Vorab ein paar Eckdaten:
Seitenanzahl: 416
ISBN: 978-3-8090-2642-6

Erscheinungstermin: 22. Februar 2016
Format:
Broschiert
Verlag: Limes


Klappentext gem. Limes:

Wer einen Traum hat, ist zu allem fähig…

Ohne ersichtlichen Grund und ohne emotionale Regung springt Marlene Adamski vom Balkon ihres Hauses in die Tiefe. Sie überlebt, spricht seither jedoch kein Wort mehr. Psychologin Ina Bartholdy findet keine Erklärung für das Verhalten der 62-jährigen Bäckersfrau, doch der Fall lässt sie nicht los. Sie fährt ins mecklenburgische Prerow, um nach ihrer Patientin zu sehen.

Marlene wird scheinbar liebevoll umsorgt. Doch das Verhalten ihres Ehemanns macht Ina stutzig. Keine Sekunde lässt er sie mit Marlene allein, will offensichtlich verhindern, dass sie mit Ina spricht. Was hat dieser Mann zu verbergen? Und was hat er mit den merkwürdigen Vorfällen zu tun, die sich in Prerow häufen?



Rezension:
Die 62-jährige Marlene Adamski sitzt mit Kaffee und selbstgemachtem Kuchen auf dem Balkon ihres Hauses, steht auf und stürzt sich von demselben. Sie überlebt, doch schweigt sie über die Gründe, warum sie sich das Leben nehmen wollte. Offensichtliche Gründe für einen Selbstmord liegen auch nicht vor. Marlene führt mit ihrem Mann auf der Halbinsel Darß eine gut gehende Bäckerei, engagierte sich sozial und sang im Gemeindechor. Warum also sollte eine solche Frau, die bisher auch noch keine Anzeichen einer psychischen Erkrankung zeigte, umbringen?

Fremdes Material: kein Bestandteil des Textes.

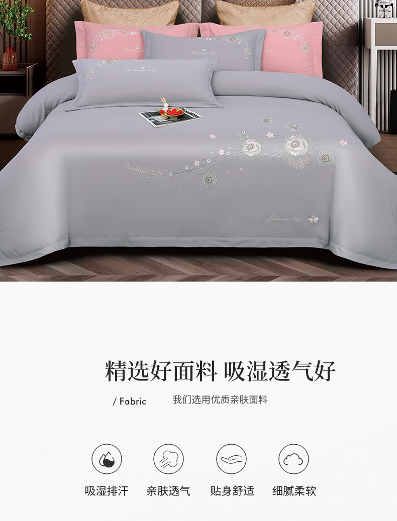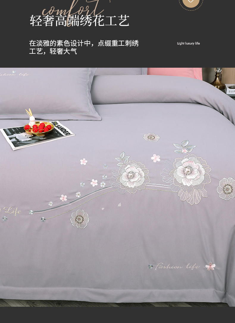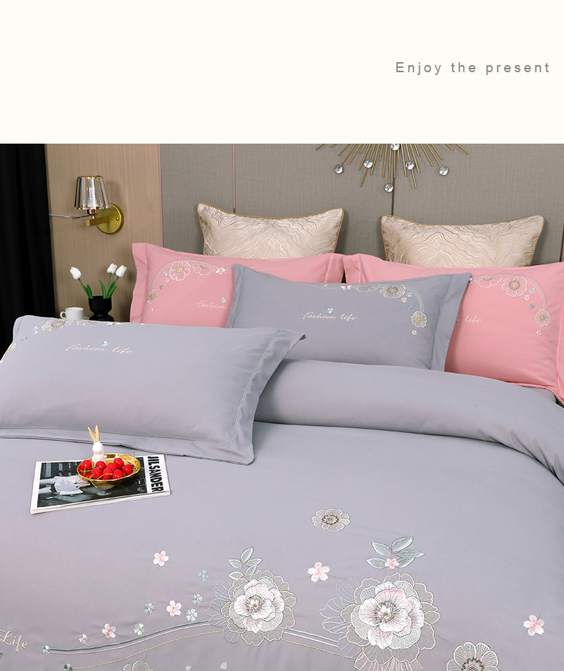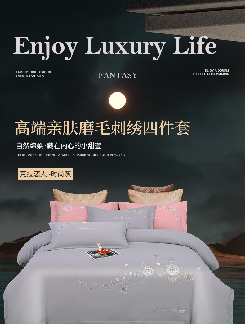 浩情国际 2026四季款斜纹木棉绣花克拉恋人系列四件套 克拉恋人-时尚灰

Psychologin Ina Bartholdy betreut Marlene während ihres Krankenhausaufenthaltes und bietet ihr an, nach ihrer Entlassung eine Therapie bei ihr zu machen. Gerd Adamski, Marlenes Ehemann, hält so gar nichts davon und überhaupt würde alles von allein wieder in Ordnung kommen, wenn seine Frau nur wieder körperlich genesen ist. Entgegen dem Willen ihres Mannes beschließt Marlene, die Therapie bei Ina zu machen, auch wenn es der Frau unheimlich schwer fällt, sich ihrer Psychologin gegenüber zu öffnen. Es scheint fast so, als belaste ein großes Geheimnis ihre Seele und sie könne dennoch nicht darüber sprechen. Dafür hinterlässt sie Hinweise, denen Ina folgt und so langsam aber sicher hinter Marlenes Geheimnis kommt.

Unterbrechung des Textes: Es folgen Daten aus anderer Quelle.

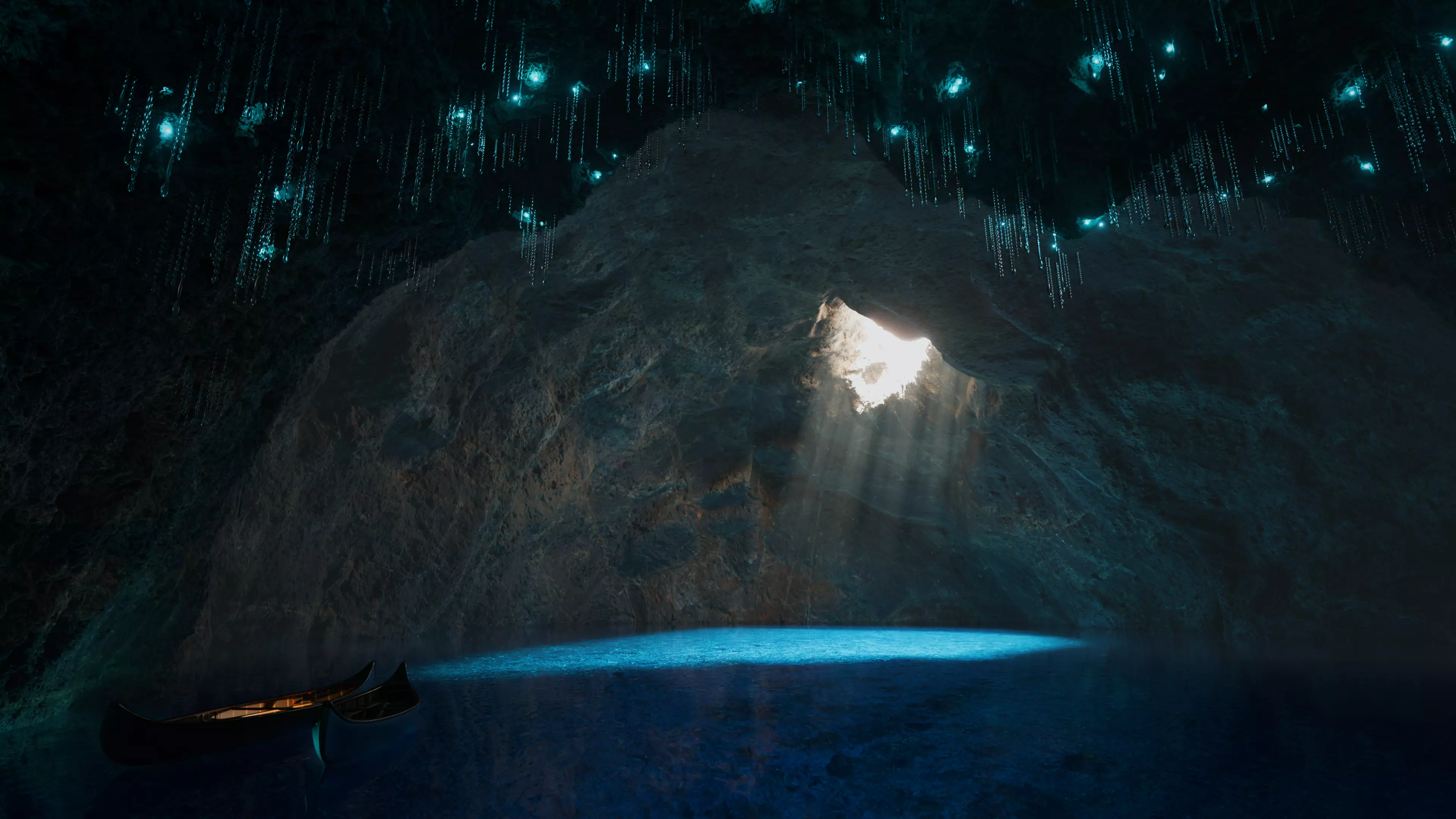 Step into a breathtaking cave environment crafted entirely in Blender. On one side, sunlight streams through a natural opening, illuminating the crystal‑blue water with a radiant glow. On the other, the darker recesses of the cave come alive with clusters of glow worms, casting a magical constellation of lights across the ceiling.This scene is fully optimized for Blender 5.0, making use of advanced features such as adaptive subdivision and the scatter on surface node to achieve rich detail throughout. Displacement textures bring depth and realism to both the rocky surfaces and the water, while the custom water shader employs volumetric scatter and absorption to capture the authentic look of light interacting with liquid.Whether you’re learning Blender’s latest tools or seeking a ready‑made environment for cinematic rendering, this cave offers a versatile foundation for your projects.

Doch nicht nur ihre Patientin hält Ina auf Trab. Seit einem Jahr ist sie mit Bobby liiert, der einige Jahre jünger ist als sie und über eine Spontanität verfügt, über die Ina immer wieder in Verzücken bringt. Zwischen den beiden läuft es sehr gut, zumindest so lange, bis Stefanie auf der Bildfläche erscheint. Bei Stefanie handelt es sich um Inas Tochter aus einer gescheiterten Ehe und eigentlich sollte diese, auf eigenen Wunsch sogar, bei ihrem Vater leben. Nun hat sie aber die Schule geschmissen und gönnt sich erst einmal eine Auszeit bei ihrer Mutter - wobei ihr der neue Mann an deren Seite so gar nicht zusagt. Zwar ist Bobby ihr gegenüber sehr aufgeschlossen, doch Stefanie kehrt das Biest heraus und macht Ina ihr derzeitiges Leben nicht unbedingt leichter - zumal da ja noch das Geheimnis von Marlene zu lüften ist, um ihr endlich Frieden zu verschaffen ...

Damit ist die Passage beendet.